Too early to tinker with tax system – Diokno

This file photo shows BSP Governor Benjamin Diokno at a press conference.
Facebook / BSP

MANILA, Philippines — It is “too early” to make changes in the existing tax system on personal income, Finance Secretary Benjamin Diokno said yesterday amid proposals by lawmakers to reduce the income tax rates of Filipino working class families.

Diokno was reacting to a House bill filed by ACT Teachers party-list that targets to address imbalances in the Tax Reform for Acceleration and Inclusion (TRAIN) Law and the Corporate Recovery and Tax Incentives for Enterprises Act (CREATE).

“We just amended both PIT (personal income tax) and CIT (corporate income tax). Let’s give the new tax system a chance to operate,” Diokno told reporters. “It is too early to tinker with it.”

ACT Teachers Rep. France Castro recently filed the Tax Reform Act for the Masses and the Middle Class (TRAMM), which calls for a tax reform package that aims to reduce the income tax rates of Filipino working class families.

As part of the TRAIN Law, the government reduced the personal income tax for 99 percent of taxpayers, a much-needed relief after 20 years of non-adjustment.

Through TRAIN, the government has effectively given out a 14th-month pay every year to wage earners.

CREATE, on the other hand, lowered the CIT rate for all enterprises.

The proposed bill includes setting a 20 percent maximum personal income tax rate for individual citizens, and the exemption of the first P400,000 of their income.

It also plans to bring back additional exemptions for dependents. This time, senior citizens and persons with disabilities may be claimed as dependents.
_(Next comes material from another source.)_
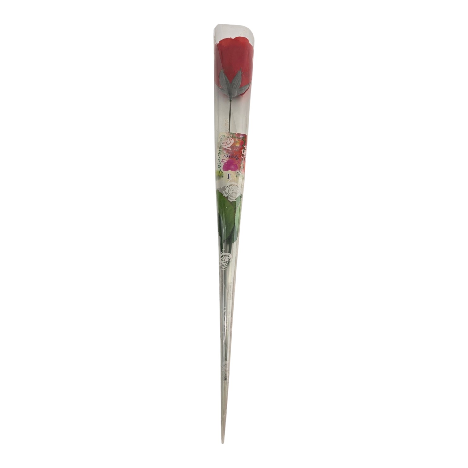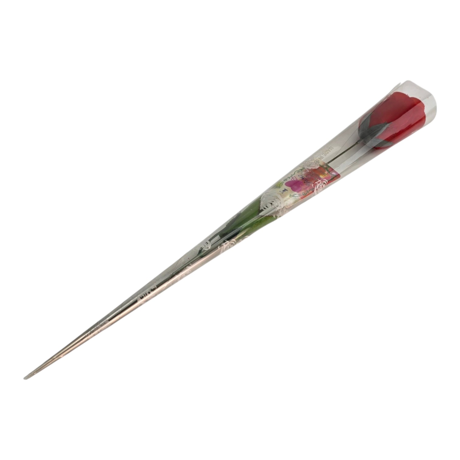 Роза имеет зелёные листочки и длинный стебель. Поставляется в прозрачной подарочной упаковке-конусе — можно дарить сразу, без дополнительной обёртки.
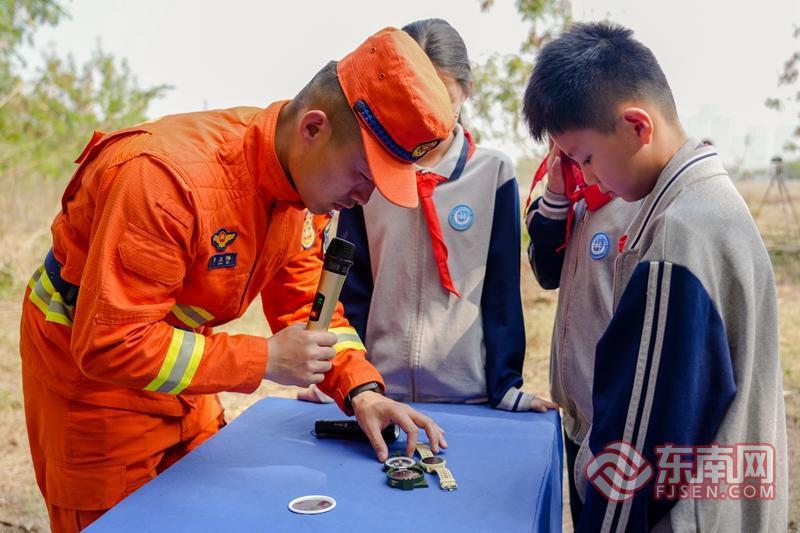 消防员教学生如何使用指北针(李袁辉 摄)

The bill also seeks to raise the cap for tax-free bonuses to P150,000 and the mandate for the Bureau of Internal Revenue to set up a progressive, 10-bracket personal income tax schedule.

“Reducing income tax rates for working families will not only improve their way of life, but also strengthen their purchasing power, which will boost overall domestic demand for consumer goods,” Castro said.

“Our country remains among the most unequal in the world, with income shares of the poorest and richest segments of the population almost stagnant for decades now, and personal income tax rates for the poor and middle-class citizens in the Philippines are even higher than rates in other countries such as Singapore,” she said.